Eleições regionais na Catalunha: maioria vota por alternativas independentistas
No passado domingo, 14 de Fevereiro de 2021, decorreram eleições regionais na Catalunha.
Publicado em: 18 de fevereiro de 2021
No passado domingo, 14 de Fevereiro de 2021, decorreram eleições regionais na Catalunha.
A campanha eleitoral teve, como não poderia deixar de ser, a pandemia como pano de fundo. O adiamento das eleições esteve inclusive sobre a mesa até há umas semanas atrás. Foi decidido manterem-se as eleições e existiu um esforço por parte do Governo Regional da Catalunha para que as eleições se dessem com a maior participação possível. Assim, foi permitido a votação a quem se encontrava infectado, ao contrário do que se passou por exemplo nas eleições presidenciais em Portugal, além de campanhas a apelar ao voto e que ir às urnas era seguro, a verdade é que o medo prevaleceu.
O aumento da abstenção foi de 25% comparativamente às eleições de 2017, ou seja, houve menos 1.518.281 votantes. A própria campanha eleitoral foi marcada, como não poderia deixar de ser, por todos os cuidados sanitários o que retira força, entusiasmo e mobilização às próprias iniciativas. E se tivermos em conta as últimas eleições em 2017, que se deram num momento político marcado pelo referendo de 1 de Outubro (1O), estas foram umas eleições pouco entusiasmantes. A questão da independência, incontornável nos últimos anos, esteve muito presente como é óbvio. A perspectiva de manutenção de um Governo regional independentista e as suas duas reivindicações centrais: a questão da amnistia para os presos políticos e a realização de um novo referendo para a autodeterminação, fizeram parte da campanha. Os resultados demonstram um reforço do independentismo, embora o vencedor das eleições tenha sido o Partido Socialista da Catalunha (PSC). O PSC obteve 23,02% dos votos, o que corresponde a 33 deputados, sendo um aumento de 16 deputados em comparação com 2017. E mesmo com a abstenção o PSC foi o único partido que consegiu aumentar efectivamente o número de votos comparativamente a 2017. É um dos vencedores destas eleições. Salvador Illa, o ministro da saúde do Governo Central e militante do PSOE, foi o escolhido para encabeçar a lista do PSC e foi um trunfo que se demonstrou acertado. O crescimento do PSC deu-se à custa da descida do Ciudadanos (Ci´s), houve uma transferência de grande parte dos votos deste último para o PSC. Importa relembrar que foi precisamente o Ci´s que venceu as eleições de 2017, embora não tenha conseguido atingir uma maioria para governar.

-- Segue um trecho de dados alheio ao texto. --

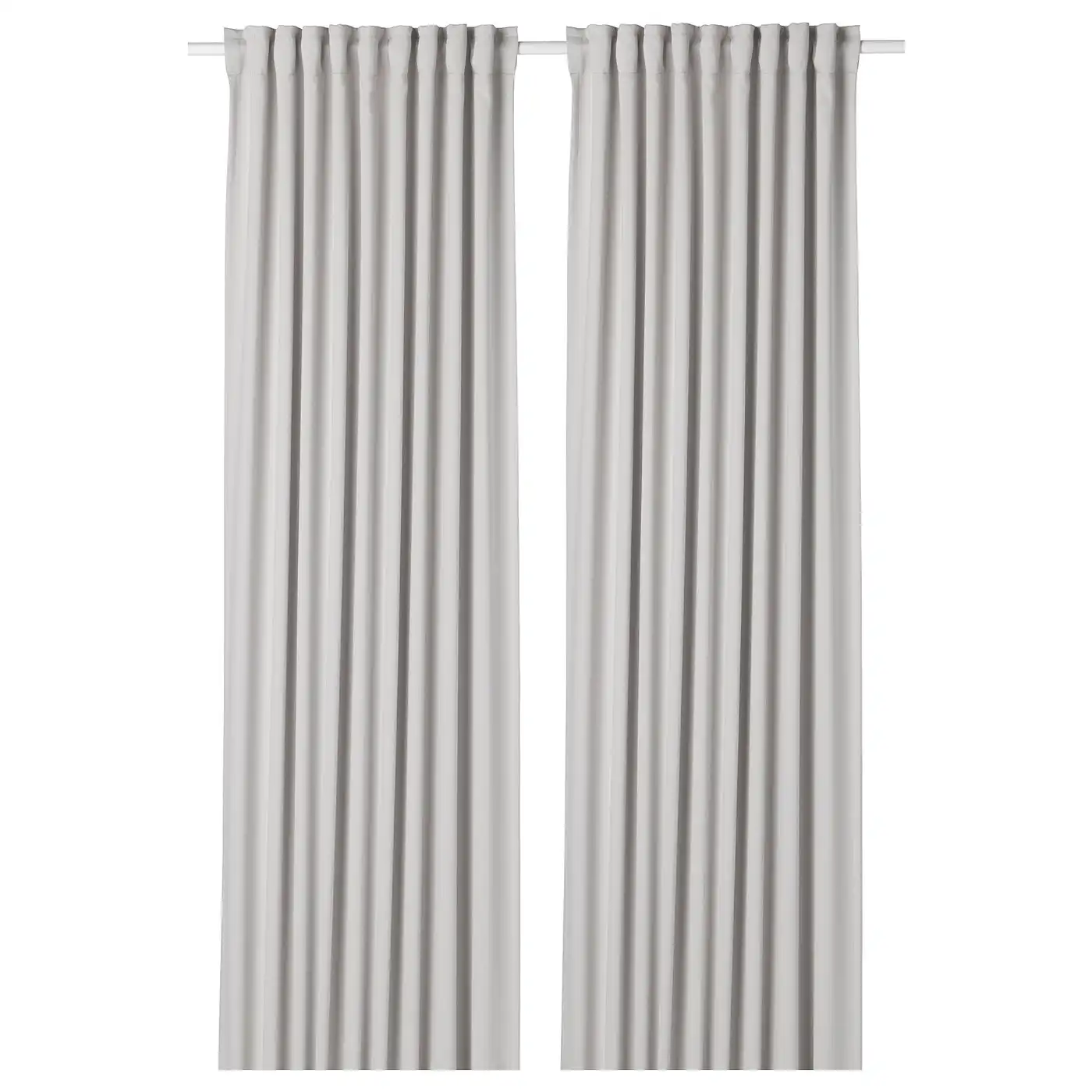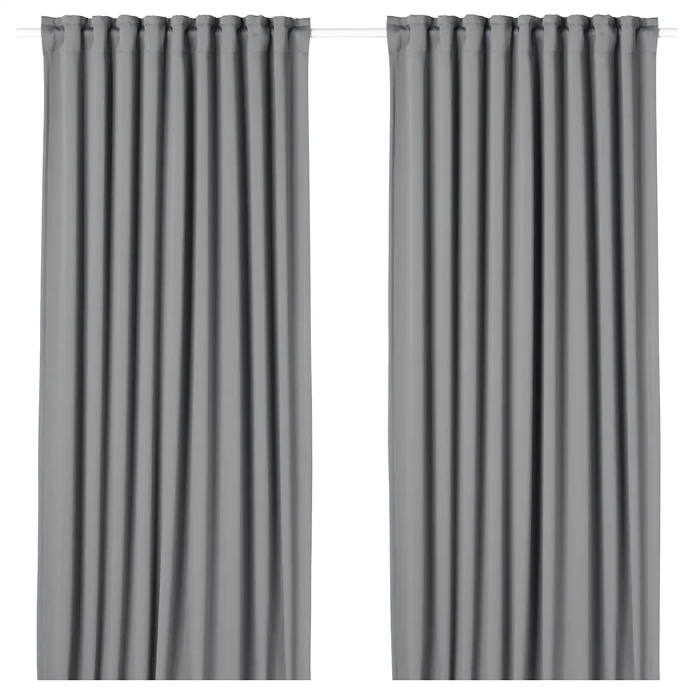 MAJGULL Block-out curtains, 1 pair - grey/with heading tape 145x300 cm

A Esquerda Republicana da Catalunha (ERC), partido de centro esquerda, ficou em segundo lugar nas eleições, aumentando a sua representação parlamentar em 1 deputado e tornando-se no partido independentista mais votado ultrapassando assim os Juntos Pela Catalunha (Jxcat), partido de centro direita. Apesar da ERC não ter alcançado um aumento em percentagem nem em votos em relação a 2017, devido, sobretudo, à forte abstenção, é uma das vencedoras das eleições porque passa a liderar pela primeira vez o bloco independentista.
Ao contrário, o partido independentista de centro direita e de Carles Puigdemont, os Jxcat que ficou em 3º lugar nas eleições, passou para a segunda força política mais votada do independentismo, tendo perdido dois deputados. Apesar da descida em termos percentuais e de deputados ser diminuta, a verdade é que ter ficado atrás da ERC tem um significado político de derrota.
Crescem os extremos
CUP pela esquerda anticapitalista e Vox pela extrema direita em quarto lugar, sugere o último como um dos vencedores da noite. Cresceram com um discurso centrado em ataques aos independentistas e pela defesa da unidade de Espanha. Isto sem afrontar directamente os catalães e tendo um discurso que se baseou em enaltecer a Catalunha mas dentro de Espanha. O discurso xenófobo e racista também esteve presente bem como a defesa do Rei. Os neofascistas passaram de zero parlamentares para 11. Houve uma transferência de votos do PP e, sobretudo, do Ciudadanos (Ci´s) para o Vox passando assim a liderar o bloco da direita na Catalunha o que expressa o fenomeno internacional de radicalização da direita. A Candidatura de Unidade Popular (CUP), partido de esquerda independentista e anticapitalista, duplicou a sua representação parlamentar, passando de 4 para 9 deputados. O reforço da maioria dos independentistas deveu-se ao crescimento da CUP. Em termos percentuais, a CUP juntamente com o PSC, foram os únicos partidos que conseguiram um aumento em relação a 2017. O crescimento da CUP é importante pois demonstra que existe um crescimento das ideias anticapitalistas dentro do bloco independentista. “En Comú Podem”, a formação “irmã” das Unidas Podemos de Pablo Iglesias, baixou um pouco em termos percentuais mas obteve o mesmo número de deputados (8) que nas últimas eleições. Derrota da direita mais tradicional: Os Ci´s foram os grandes derrotados da noite. Como já mencionado, os Ci´s foram o partido que ganhou as eleições em 2017, embora não tenham conseguido fazer apresentar uma maioria para governar. A bandeira da luta contra o independentismo cavalgada pelos Ci´s em 2017 e que lhe permitiu ficar em primeiro lugar foi desta vez também levantada pela Vox. Os Ci´s passaram agora para a sétima força politíca mais votada, perdendo 30 deputados. Este resultado justifica-se pela reduzida performance eleitoral, tendo o seu espaço político e eleitorial sido tomado pelo Vox.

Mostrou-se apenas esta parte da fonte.